Implementations in other languages are also available:

Installation

scTenifoldNet is available on CRAN:

install.packages("scTenifoldNet")

To install the development version from GitHub:

# install.packages("remotes")
remotes::install_github("cailab-tamu/scTenifoldNet")

Pipeline Overview

The scTenifoldNet() function orchestrates a six-step pipeline. Each step reports progress to the console via the cli package, with sample-level labels ([X] / [Y]) so that operations on each condition are clearly distinguishable.

Step Function Description
1 scQC Quality control — filters cells by library size, outlier detection, minimum gene expression fraction, and mitochondrial read ratio
2 cpmNormalization Counts-per-million (CPM) normalization
3 makeNetworks Constructs gene regulatory networks from subsampled cells using principal component regression (pcNet)
4 tensorDecomposition CANDECOMP/PARAFAC (CP) tensor decomposition for network denoising
5 manifoldAlignment Non-linear manifold alignment of the two denoised networks
6 dRegulation Differential regulation testing via Box-Cox transformation and chi-square statistics

Individual functions are exported and fully documented, allowing users to run or modify any step independently.

Input

The required input is a raw counts matrix with genes as rows and cells (barcodes) as columns. Data should be unnormalized when using the main scTenifoldNet() function. The modular design of the package allows users to substitute custom preprocessing at any step.

Output

scTenifoldNet() returns a list with three elements:

  • tensorNetworks — Weight-averaged denoised gene regulatory networks after CP tensor decomposition, containing:
    • X: The network for sample X (sparse matrix of class dgCMatrix).
    • Y: The network for sample Y (sparse matrix of class dgCMatrix).
  • manifoldAlignment — A data frame of low-dimensional features from the non-linear manifold alignment, with 2 × n genes rows and d columns (default d = 30).
  • diffRegulation — A data frame with six columns:
    • gene: Gene identifier.
    • distance: Euclidean distance between the gene's coordinates in the two conditions.
    • Z: Z-score after Box-Cox power transformation.
    • FC: Fold change with respect to the expectation.
    • p.value: P-value from the chi-square distribution with one degree of freedom.
    • p.adj: Adjusted p-value (Benjamini & Hochberg FDR correction).

Running Time

Running time is largely determined by the network construction step and scales with the number of cells and genes. Representative benchmarks:

Cells Genes Time Memory
300 1,000 3.5 min 0.4 GB
1,000 1,000 4.3 min 0.4 GB
1,000 5,000 2 h 52 min 9.2 GB
2,500 5,000 2 h 55 min 9.5 GB
5,000 5,000 3 h 9 min 10.1 GB
5,000 7,500 3 h 10 min 21.8 GB
7,500 5,000 10 h 16 min 10.6 GB
7,500 7,500 10 h 16 min 22.6 GB

Example

Simulating a dataset

We create a sparse count matrix of 2,000 cells and 100 genes drawn from a negative binomial distribution (~67 % zeros). The last ten genes are prefixed with mt- to simulate mitochondrial genes.

library(scTenifoldNet)

nCells <- 2000
nGenes <- 100
set.seed(1)
X <- matrix(
  rnbinom(n = nGenes * nCells, size = 20, prob = 0.98),
  ncol = nCells
)
rownames(X) <- c(paste0("ng", 1:90), paste0("mt-", 1:10))

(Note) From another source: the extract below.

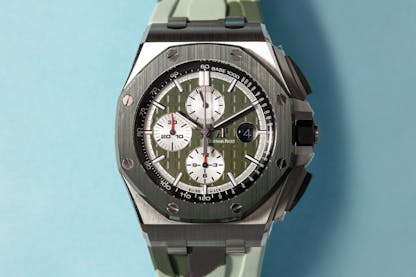 Having referenced the legend earlier, a current Audemars Piguet reference obviously had to make this list. This 2019 reference has the upsized 44mm case, a green ceramic bezel, and a unique matching camo rubber strap. These broad pusher references sway a touch from the original Offshore design, and the tradeoff of this design cue is a slight drop in water resistance; these models boast 100m of water resistance, compared to the 200m resistance of the original reference. Its caliber 3126/3840 automatic movement is good for a power reserve of 50 hours, and is relatively compact even though the hefty Offshore measures 14.4mm thick.
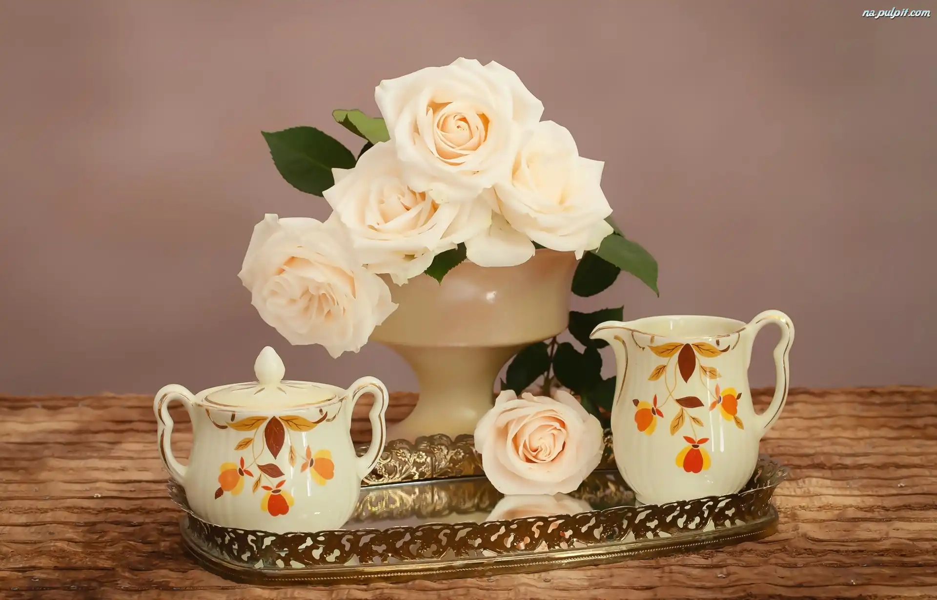 Dzbanek, Róże, Bukiet, Kompozycja, Flakon Na Pulpit

Generating a perturbed condition

Genes 10, 2, and 3 are replaced with the expression profiles of genes 50, 11, and 5, respectively.

Y <- X
Y[10, ] <- Y[50, ]
Y[2, ]  <- Y[11, ]
Y[3, ]  <- Y[5, ]

Running the pipeline

Under H₀ (no differential regulation) we supply the same matrix for both conditions. Under H_A we supply the control and perturbed matrices.

outputH0 <- scTenifoldNet(X = X, Y = X,
                          nc_nNet = 10, nc_nCells = 500,
                          td_K = 3, qc_minLibSize = 30)

outputHA <- scTenifoldNet(X = X, Y = Y,
                          nc_nNet = 10, nc_nCells = 500,
                          td_K = 3, qc_minLibSize = 30)

Inspecting the tensor networks

The denoised networks are stored as sparse matrices that can be converted to igraph objects for downstream topological analysis:

igraph::graph_from_adjacency_matrix(outputHA$tensorNetworks$X, weighted = TRUE)
igraph::graph_from_adjacency_matrix(outputHA$tensorNetworks$Y, weighted = TRUE)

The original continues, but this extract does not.